(Data provided)

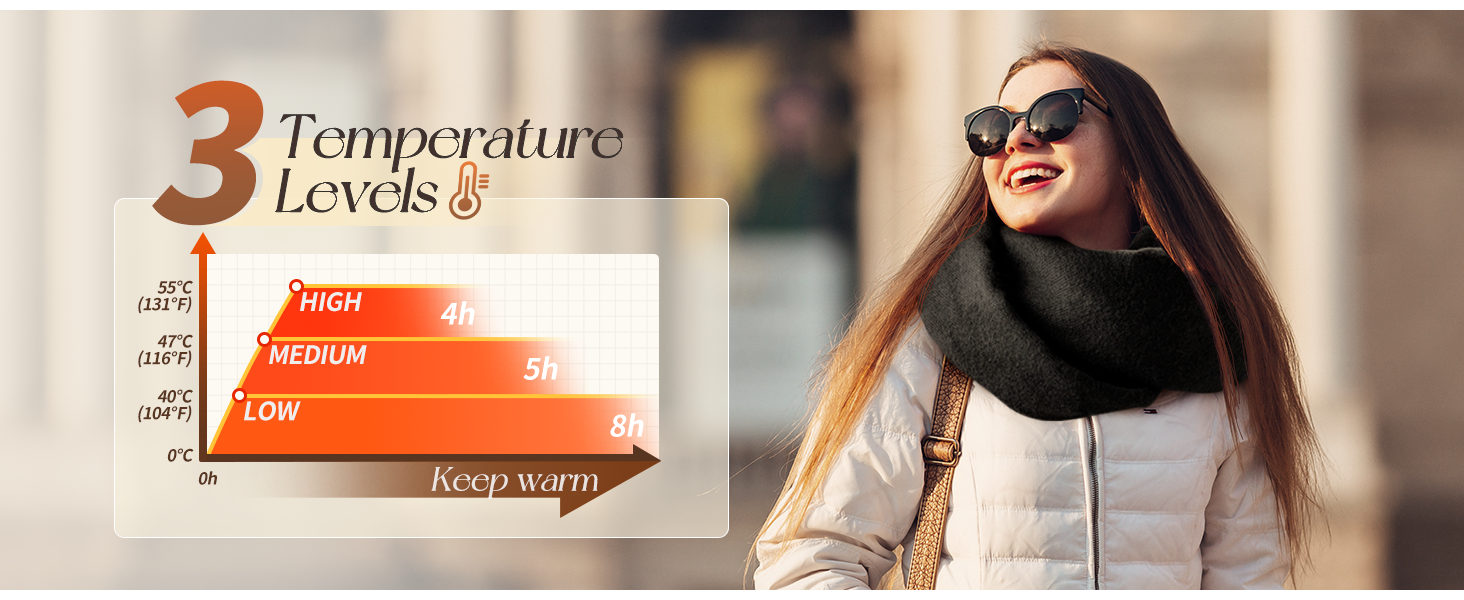 • 3 مستويات للتحكم في درجات الحرارة: بعد التسخين، يحتوي الوشاح على ثلاث درجات حرارة: درجة حرارة منخفضة (106-109 درجة فهرنهايت/41-43 درجة مئوية) يمكن أن تحتفظ بالحرارة لمدة 8 ساعات، ودرجة الحرارة المتوسطة (113-122 درجة فهرنهايت/45-50 درجة مئوية) يمكن أن توفر الحرارة لمدة 6 ساعات. يمكن أن تستمر درجات الحرارة القصوى (131 درجة فهرنهايت / 55 درجة مئوية) لمدة تصل إلى 4 ساعات من الدفء. يمكنك ضبط درجة الحرارة والوضع وفقًا لاحتياجاتك للحفاظ على الجزء الخلفي من رقبتك دافئًا ومريحًا.
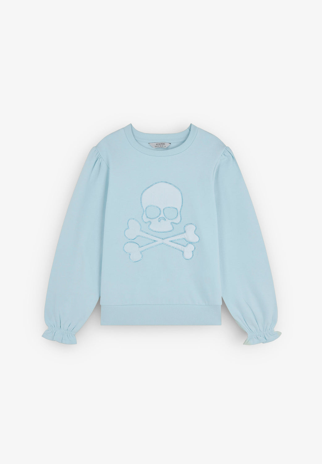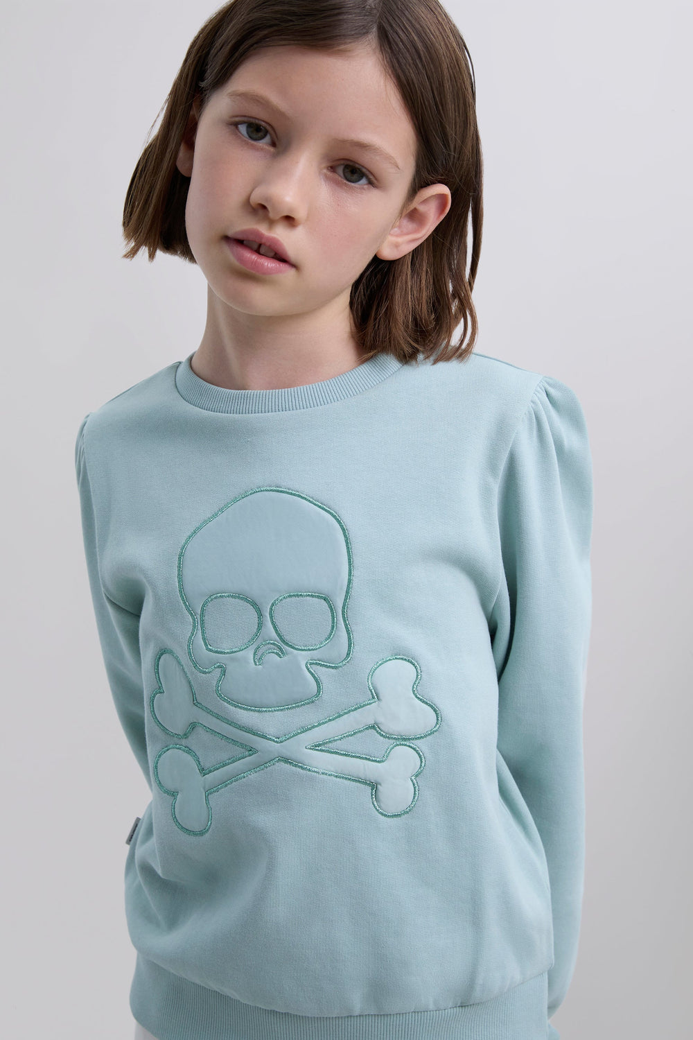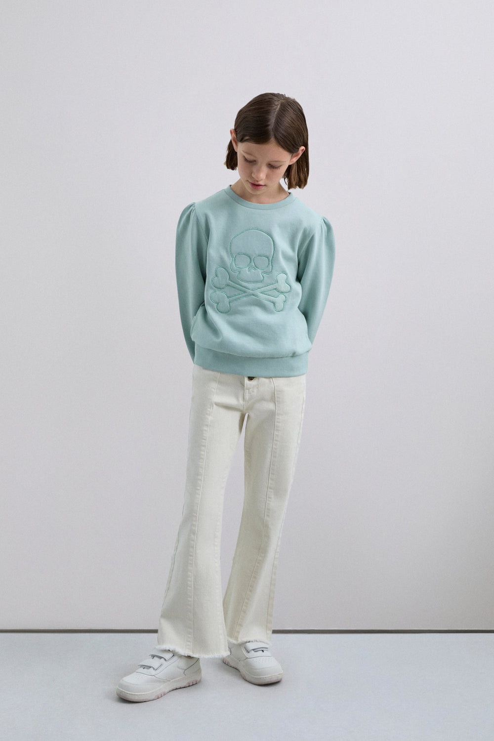 Sweatshirt made of 100% BCI cotton. Round neck. Embroidered skull on the front. Long sleeves. Gathered detail on elasticated cuffs
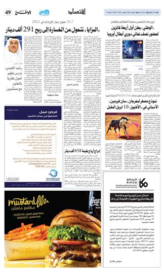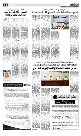 Mr. Al Nafisi added that the volume of payables decreased from USD 128.9m to USD 61.9m by the end of 2012, and Al Mazaya and its team were able to achieve a 77% increase in rental revenues generated from its income-producing projects, amounting to USD10.1 m in 2012 compared to USD 5.7m in 2011.
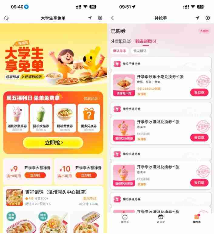 微信打开活动->直接领饮品/冰淇淋/美食随机免单券,之前认证过的上
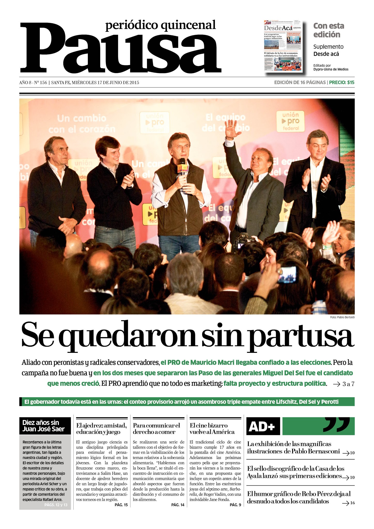 En la edición 156 del periódico quincenal Pausa, del miércoles
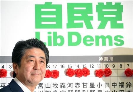 自民党本部の開票速報場で自身の当確のバラをつける安倍晋三首相=14日午後、東京・永田町の自民党本部(早坂洋祐撮影)【拡大】
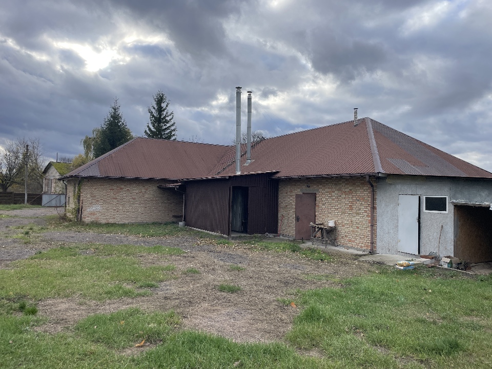 Технічні характеристики нерухомості: Відповідно до результатів технічної інвентаризації від 29.10.2025 р., фактична загальна площа будівлі становить 407,9 кв.м (у попередній документації від 06.11.2012 р. значилося 207,6 кв.м). Збільшення площі відбулося внаслідок реконструкції та зведення прибудованих приміщень. Будівля одноповерхова, включає 3 основних приміщення (111,7 кв.м, 156,3 кв.м, 39,7 кв.м), тамбур, коридор, санітарно-побутові вузли (душ, вбиральня) та 8 допоміжних приміщень різної площі. Конструктивні елементи: фундамент — бетон; стіни — цегла, газоблок, метал, ДСП; покрівля — металопрофіль; підлога — цементна стяжка, земля. Об’єкт підключено до мереж електро- та водопостачання. До складу лота також входять господарські споруди: сарай (7,5 кв.м) та огорожі.
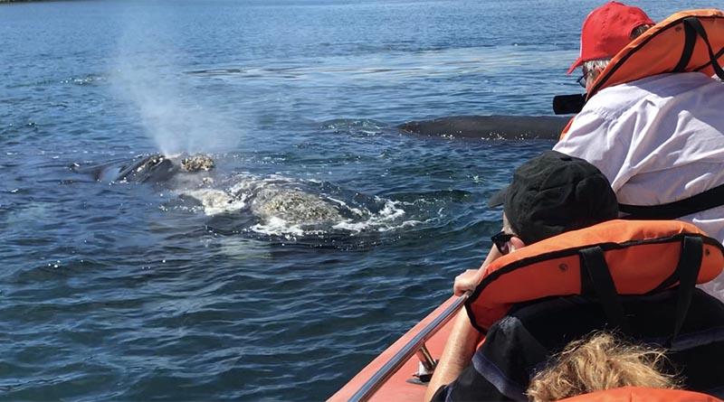 En Pirámides hay empresas con embarcaciones de distintos tipos para hacer el avistaje, todas con guías especializados. Una vez en la embarcación y apenas se ingresa al agua, comienza la aventura. Hay que hacer silencio, saber esperar y dejarse sorprender: los ojos grandes, las colas y aletas son lo primero en aparecer; las ballenas son curiosas y no dudan en acercarse a los barcos o pasar por debajo de ellos. Van junto a sus crías, así que la emoción es doble, y a veces más. Si hay suerte, algún ejemplar saltará. Mientras la naturaleza se encarga del espectáculo, los guías explican, en voz baja, cómo es el ciclo de vida de estos gigantes del agua. El viaje dura una hora y media, pero el recuerdo queda para siempre. Las embarcaciones llegan también a la lobería, donde es posible ver de cerca cómo decenas de lobos toman sol y nadan allí.

(End Data provided)

**Activity:** Beginning at the line above that contains "微信打开活动->直接领饮品/冰淇淋/美食随机免单券,之前认证过的上", repeat each line exactly through the one that contains "自民党本部の開票速報場で自身", and leave out the pictures.

**Reply to the task:**
 微信打开活动->直接领饮品/冰淇淋/美食随机免单券,之前认证过的上
 En la edición 156 del periódico quincenal Pausa, del miércoles
 自民党本部の開票速報場で自身の当確のバラをつける安倍晋三首相=14日午後、東京・永田町の自民党本部(早坂洋祐撮影)【拡大】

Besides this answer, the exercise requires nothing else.